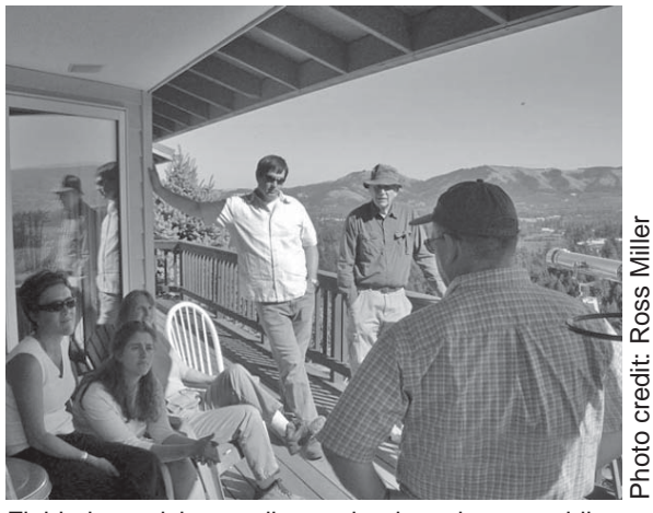
Field trip participants discuss land use issues, while overlooking Hood River Valley land threatened by potential development.

A document on the "Spiritual Values of Mt. Hood Wilderness" was produced by a group of religious leaders who participated in the "Opening the Book of Nature" retreat in September. To view the document and endorse it, go to www. emoregon.org/INEC.htm.
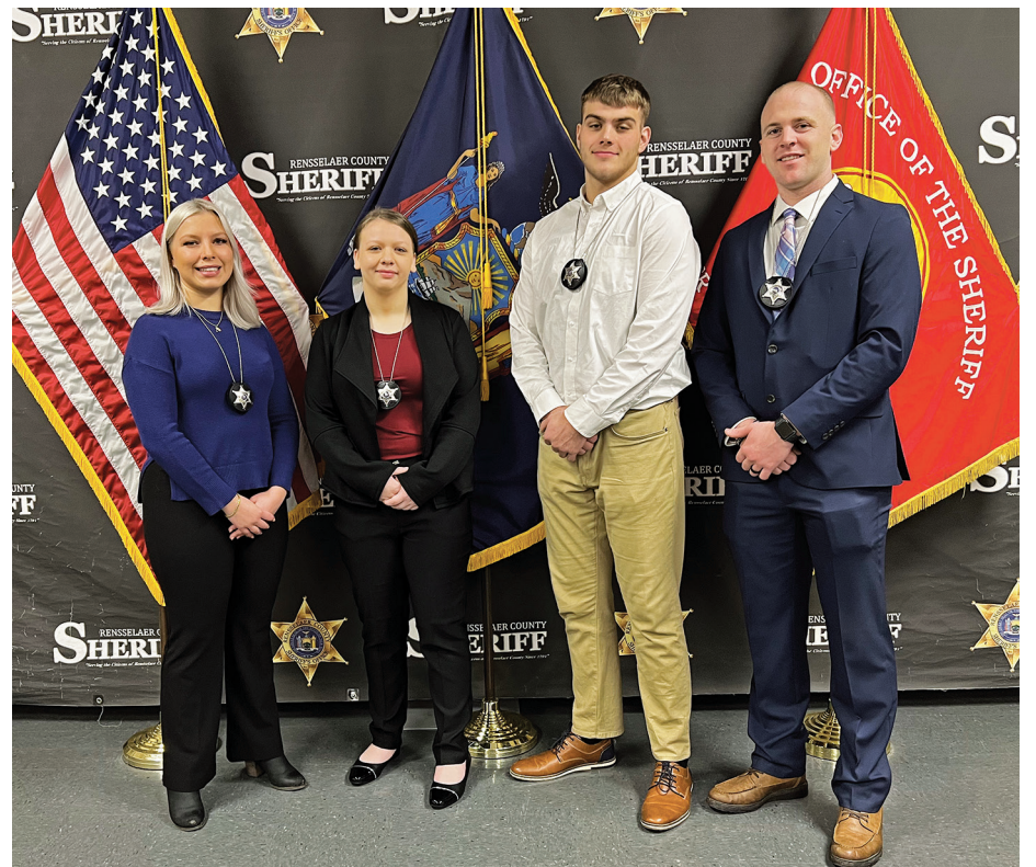
The new members of the Rensselaer County Sheriff's Department.

——————

## TASK STATEMENT
Copy out each line of the data containing the string "Hood".

## TASK ANSWER
Field trip participants discuss land use issues, while overlooking Hood River Valley land threatened by potential development.
A document on the "Spiritual Values of Mt. Hood Wilderness" was produced by a group of religious leaders who participated in the "Opening the Book of Nature" retreat in September. To view the document and endorse it, go to www. emoregon.org/INEC.htm.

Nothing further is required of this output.